[INPUT FOR THIS TASK]:
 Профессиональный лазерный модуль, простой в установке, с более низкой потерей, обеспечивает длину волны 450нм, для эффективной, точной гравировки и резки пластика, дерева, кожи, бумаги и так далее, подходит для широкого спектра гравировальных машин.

--

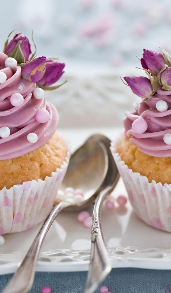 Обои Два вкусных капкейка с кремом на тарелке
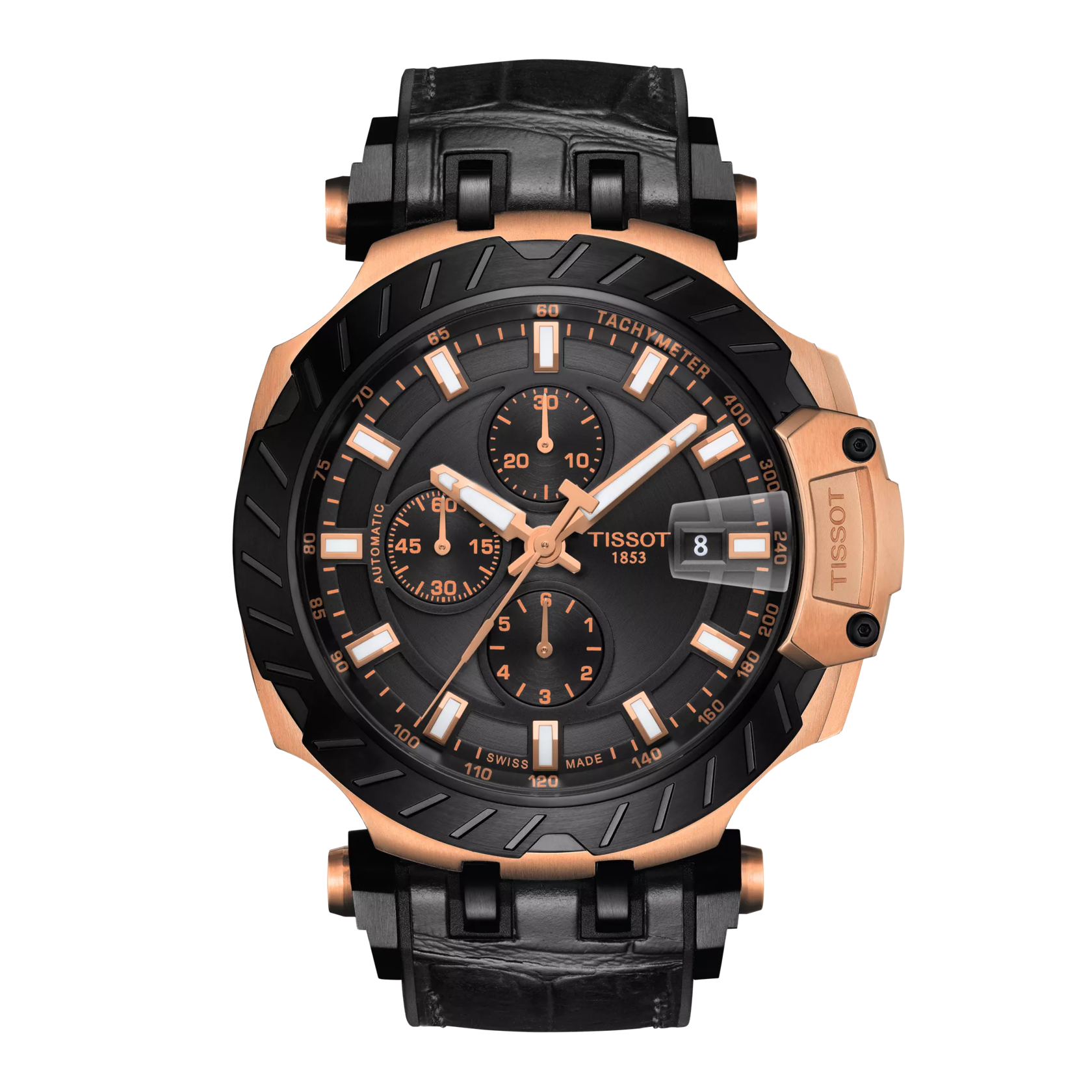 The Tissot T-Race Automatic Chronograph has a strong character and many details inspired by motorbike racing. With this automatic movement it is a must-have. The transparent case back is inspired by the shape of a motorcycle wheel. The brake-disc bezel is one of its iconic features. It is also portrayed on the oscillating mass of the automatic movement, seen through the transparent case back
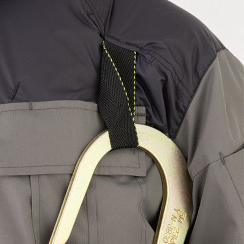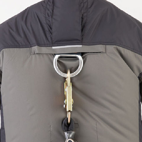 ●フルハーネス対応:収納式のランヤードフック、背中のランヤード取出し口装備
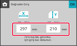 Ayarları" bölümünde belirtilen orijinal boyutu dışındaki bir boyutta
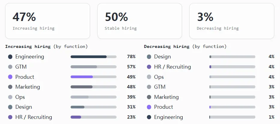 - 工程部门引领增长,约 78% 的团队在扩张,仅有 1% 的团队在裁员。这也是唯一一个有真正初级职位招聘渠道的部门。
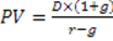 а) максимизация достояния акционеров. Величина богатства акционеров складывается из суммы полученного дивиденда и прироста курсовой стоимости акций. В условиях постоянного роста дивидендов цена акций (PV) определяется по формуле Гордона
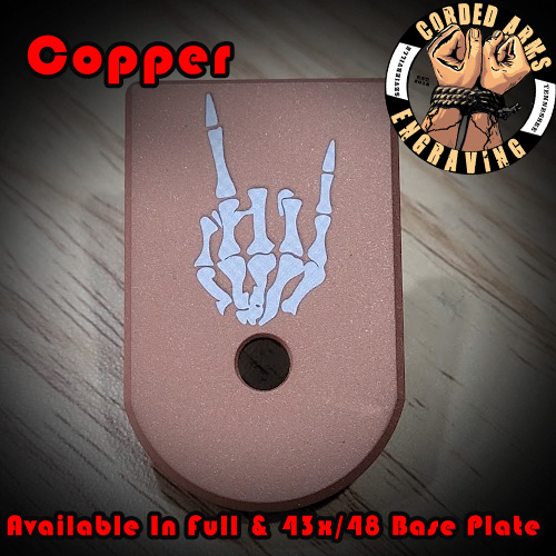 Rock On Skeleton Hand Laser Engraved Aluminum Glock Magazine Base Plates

[ASSIGNED TASK]:
Reproduce the listing above exactly from the line containing "The Tissot T-Race" up to and including the line containing "а) максимизация достояния", omitting any images and everything outside those lines.

[EXERCISE ANSWER]:
 The Tissot T-Race Automatic Chronograph has a strong character and many details inspired by motorbike racing. With this automatic movement it is a must-have. The transparent case back is inspired by the shape of a motorcycle wheel. The brake-disc bezel is one of its iconic features. It is also portrayed on the oscillating mass of the automatic movement, seen through the transparent case back
 ●フルハーネス対応:収納式のランヤードフック、背中のランヤード取出し口装備
 Ayarları" bölümünde belirtilen orijinal boyutu dışındaki bir boyutta
 - 工程部门引领增长,约 78% 的团队在扩张,仅有 1% 的团队在裁员。这也是唯一一个有真正初级职位招聘渠道的部门。
 а) максимизация достояния акционеров. Величина богатства акционеров складывается из суммы полученного дивиденда и прироста курсовой стоимости акций. В условиях постоянного роста дивидендов цена акций (PV) определяется по формуле Гордона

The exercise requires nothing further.